Talk about recording "All the Talk Goes Floating By"

I have no particular memory of recording any of these songs, but I have a general sense of the process and my gear at the time. First would always be the guitar. Then... probably vocals. Bass next, then drums were always an after thought. Though they are sometimes used to keep time, mostly this was beyond my ability. Rather, they have little parts, almost like Brian Wilson sometimes uses them. They accent. There are cool little fills. This was a partial kit: no kick, no rack toms.

Because of a combination of enthusiasm and laziness I would never re-record a track. So... there are uneven numbers of repeats and sometimes spontaneity. As I worked through the cassette years I began doing retakes and more planning. There's a lot of true improvising on "Dog's Brain," which makes it special. All the recording was done in my bedroom at my parents' house except for a few done at my friend Ashley Bell's house. The PortaStudio was truly portable. Talk about easy to travel with. Jeez.

As you listen to this album you you recall things you used to do when recording on the Portastudio that you've forgotten about?

I barely remember how it worked except that it relies on what used to be called "track reduction." You record on 1 and 3 and then 2 and 4 I think... .something like that. It used both sides of a cassette, then you mixed "out" to another deck.

What a particularly favorite thing for you on this album?

The memories of doing music at Ashley's parents' house, which is a very large Victorian house with a piano room (used liberally by he and I) come back when listening. I like hearing the completely naive approach to everything: writing, performing, recording, mixing. I hear a lot of instinctive talent tempered by laziness. There are lots of things it would never occur to me to do now: the strum of the one chord for the verse of "The Powerful Mr.
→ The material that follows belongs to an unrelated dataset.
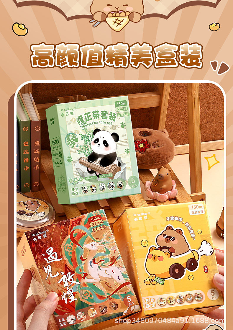 | Specifications | Large Capacity 72 m Correction Tape-National Elegant Song,Large capacity 72 m correction tape-panda infested,Large Capacity 72 m Correction Tape-Kabibala,Large Capacity 150 m Correction Tape-Dream into Dunhuang,Large capacity 150 m correction tape-panda infested |
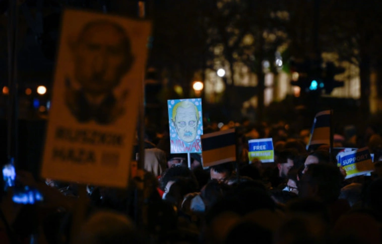 Ezrek tüntettek Putyin ellen, Ukrajna mellett a budapesti orosz követség előtt

Mullins," for instance. It's good to hear my bass playing. I thought in terms of riffs and scales, but never time keeping. Just like the drums... no consistent tempo ever. Didn't even think about it. The much later realization that I had no ability to keep time when playing bass ruined that instrument for me. Here, on these early tapes I am still free of that knowledge and create like a Wildman of riff-o-logy.

Are there any "how did I do that?" moments for you when you listen to this album?

I mostly remember how I did stuff, but I miss some of the sounds I can't get back. I remember, to get a cave-like effect, sometimes singing through a long roll of cardboard, the inside part of a roll of wrapping paper, directly into the mic. That doesn't work with better mics. Everything went through a cheap delay pedal: the vocal mic, a cheap dynamic, plugged directly into the delay stomp box, then into the PortaStudio. By setting the knobs a certain way you could get a reasonable fake reverb and a neat full sound. I used the same effect for electric guitar through my Fender Princeton amp. I have both the pedal and the same ol' Gibson SG, but not the amp sadly. That awful drum sound is not something I'd want back, but it is kinda neat. The heads were in horrible condition (actual cracks held together with duct tape); towels were thrown over them usually when I recorded. Probably one mic was used. Other than being less lazy, I wish I'd known to roll off the bottom end EQ of acoustic guitars. There's considerable distortion that doesn't help the sound.